I am interested (and excited by) the potential of qualitative longitudinal approaches to enable researchers to ‘walk alongside’ participants, and generate a dynamic, rich picture of lives lived through time. I have used qualitative longitudinal approaches in my own research, and have participated in training doctoral and early career researchers in this methodology. Further, my research prioritises participatory elements, and I am committed to conducting research with rather than on people. To this end, I always seek to include participatory elements within the work that I do, and to ensure that the outputs produced from any research encompass both academic and more accessible (and perhaps engaging) outputs.

I joined the School for Business and Society in August 2018, and before that was a Postdoctoral Researcher at the University of Liverpool. My doctoral research was completed at the University of Leeds, where I explored the lived experiences of welfare reform. I entered university as a mature student, and particularly value the skills and experiences I have gained from outside the academy. I have worked as a practitioner for Shelter and Foundation (supporting offenders with their housing needs both in custody and following release) and also have employment experiences in the think tank sector (Fabian Society / Institute for Public and Policy Research). These experiences greatly inform the work that I do now.

My current role is part-time (0.8) and I combine my academic work with the parenting (much harder) work of looking after my three young children.

Publications

Books

**Patrick, R. (2017). For whose benefit? The Lived experiences of welfare reform. Bristol: Policy Press.

Articles

Patrick, R. (2017) Wither Social Citizenship? Lived Experiences of Citizenship In/Exclusion for Recipients of Out-of-Work Benefits Social Policy & Society, 16(2): 293-304.

Edmiston, D., Garthwaite, K. & Patrick, R. (2017), Introduction: Austerity, Welfare and Social Citizenship, Social Policy & Society, 16(2): 253-259

Patrick, R. (2016) Living with and responding to the 'scrounger' narrative in the UK: exploring everyday strategies of acceptance, resistance and deflection, Journal of Poverty and Social Justice, 24 (3): 245 - 259.

Hudson, J., Patrick, R. & Wincup, E. (2016) Introduction to themed special issue: exploring 'welfare' attitudes and experiences, Journal of Poverty & Social Justice, 24(3): 215-226.

Patrick, R. (2014), Working on Welfare: Findings from a Qualitative Longitudinal Study into the Lived Experiences of Welfare Reform in the UK, Journal of Social Policy, 43(4): 705-725.

Patrick, R. (2012) ‘All in it together? Disabled people, the Coalition and welfare-to-work, Journal of Poverty and Social Justice, 20(3), 307-322.

Patrick, R. (2012), ‘Work as the primary 'duty' of the responsible citizen: a critique of this work-centric approach’ People, Place and Policy Online 6(1), 5-15.

Brown, K. & Patrick, R. (2012), ‘Re-moralising or De-moralising? The Coalition Government’s approach to ‘problematic’ populations: Editorial’, People, Place and Policy Online 6(1), 1-4.

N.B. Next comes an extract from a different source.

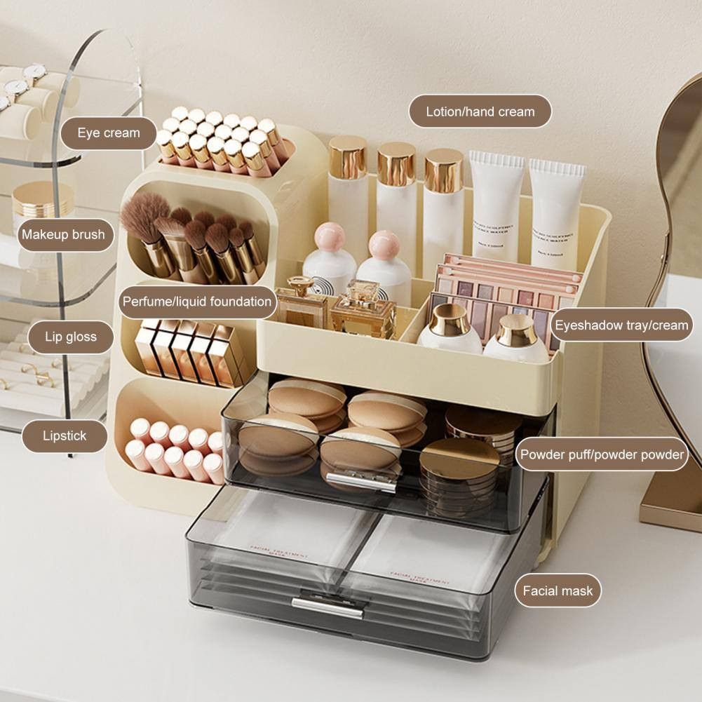 Keeps cosmetics, skincare & jewelry neatly arranged
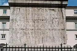 (Le pape Sixte Quint a rendu sa beauté originelle à cette colonne spiralée dédiée à l'empereur Antonin (sic) alors qu'elle se trouvait en état de ruine très avancé, l'an 1589 et la IVe année de son pontificat.)

Patrick, R. (2011) ‘The wrong prescription – disabled people and welfare conditionality’ Policy & Politics, 39(2), 275-291.

Patrick, R. (2011) Disabling or Enabling: The Extension of Work-related Conditionality to Disabled People, Social Policy & Society, 10(3): 309-320.

Media articles and blogs

Patrick, R. (2018), 'How to treat people on benefits with respect’ The Guardian, 7th May, p. 35.

Patrick, R. (2017), ‘How poverty makes people less likely to vote’, The Guardian, 16th May, p. 36.  

Patrick, R. (2017), 'Scotland is changing the way Universal Credit is paid to help people budget', The Conversation. 

Patrick, R. (2017), ‘Why are people reliant on welfare support in favour of curbing benefits?', New Statesman.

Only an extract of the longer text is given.